# 2021 Auto World Thunderjet Release #32 (SC362) - Trans America Racing



## pshoe64 (Jun 10, 2008)

Check out the new Auto World Thunderjet Release #32 (SC362) Trans America Racing. They have added some really nice liveries to the collection. Check them out at the link below: 2021 Auto World ThunderJet Release 32 SC362 – Trans America Racing

-Paul


----------



## Mile Hi Kat (Jan 2, 2021)

I have that 'cuda in black from R.24; thought they might at least change the number for the recolor. Well, you seem to have a lot of info about AW releases, so I have a question I've brought up a few times on my blog that I thought you might be able to answer: why hasn't AW ever re-popped the Cobra Daytona coupe or the Ford GT 40? The last time the former appeared was Release 5 and I think the latter was Release 6. That had to be at least 10 years ago. After "Ford V. Ferrari" was released in January 2020, interest in those cars was probably never higher, yet we got no re-issues of either. Any idea why that is? Did the mold get broken? I'd love to see them both again and would line up to buy them.


----------



## pshoe64 (Jun 10, 2008)

Mile Hi Kat said:


> I have that 'cuda in black from R.24; thought they might at least change the number for the recolor. Well, you seem to have a lot of info about AW releases, so I have a question I've brought up a few times on my blog that I thought you might be able to answer: why hasn't AW ever re-popped the Cobra Daytona coupe or the Ford GT 40? The last time the former appeared was Release 5 and I think the latter was Release 6. That had to be at least 10 years ago. After "Ford V. Ferrari" was released in January 2020, interest in those cars was probably never higher, yet we got no re-issues of either. Any idea why that is? Did the mold get broken? I'd love to see them both again and would line up to buy them.
> 
> View attachment 318813


The good news, the molds are still intact and around. As to when they may release another set of those particular cars is hard to say. The GT40 was released in a set, "The 24 Hours of LeMans" about 7-8 months ago. You can see the details here: 2020 Auto World SRS333 – 24 Hours of Le Mans Speed vs. Endurance. The issue of making new cars is licensing. Even with old liveries, someone holds the intellectual property of the paint scheme, sponsors and driver's name. That is likely why we got Swede Savage's #42 Cuda and not Dan Gurney's #48. I have Auto World's ear every so often and I do relay my reader's questions and requests, so I will pass this along.

-Paul


----------



## Mile Hi Kat (Jan 2, 2021)

Oh yeah, I forgot about that set! So there was some attempt to cash in on the movie's popularity! That's good...and it reminds me, I believe I did see a GT-40 from that set sell for just under $100 last fall, and it looked pretty well used. I'd have bid it up myself if I'd seen it before the auction ended. As for the Daytona coupe, I have 3 of the 4 releases of that one, all hard-won via online auctions and very expensive. 

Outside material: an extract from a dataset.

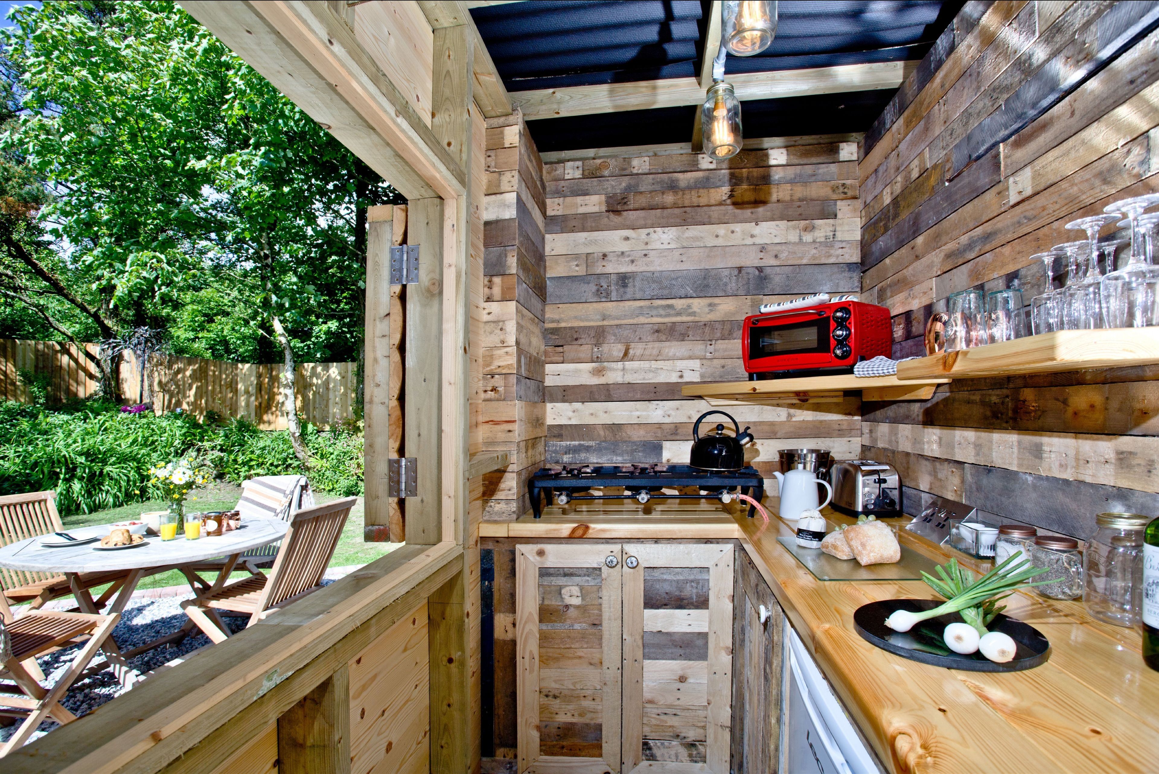 Outdoors Private enclosed garden with a wood-fired hot tub, patio with a table and chairs and a wooden kitchen cabin. Plenty of parking on site.

Kinda makes you realize the demand, eh? It would be nice to see a new issue of that Chaparral 2F, as well! Thanks for the reply!


----------



## Mile Hi Kat (Jan 2, 2021)

pshoe64 said:


> Check out the new Auto World Thunderjet Release #32 (SC362) Trans America Racing. They have added some really nice liveries to the collection. Check them out at the link below: 2021 Auto World ThunderJet Release 32 SC362 – Trans America Racing
> 
> Hey, just thought I'd mention: I've been looking for 2 of the 3 cars your pointed out here since early June and I haven't seen hide nor hair of them anywhere, not even on Auto World's own website. Let me guess: a "supply chain problem?" I want both those Camaros for the Trans Am fleet I'm building.
> 
> Just wondering.


----------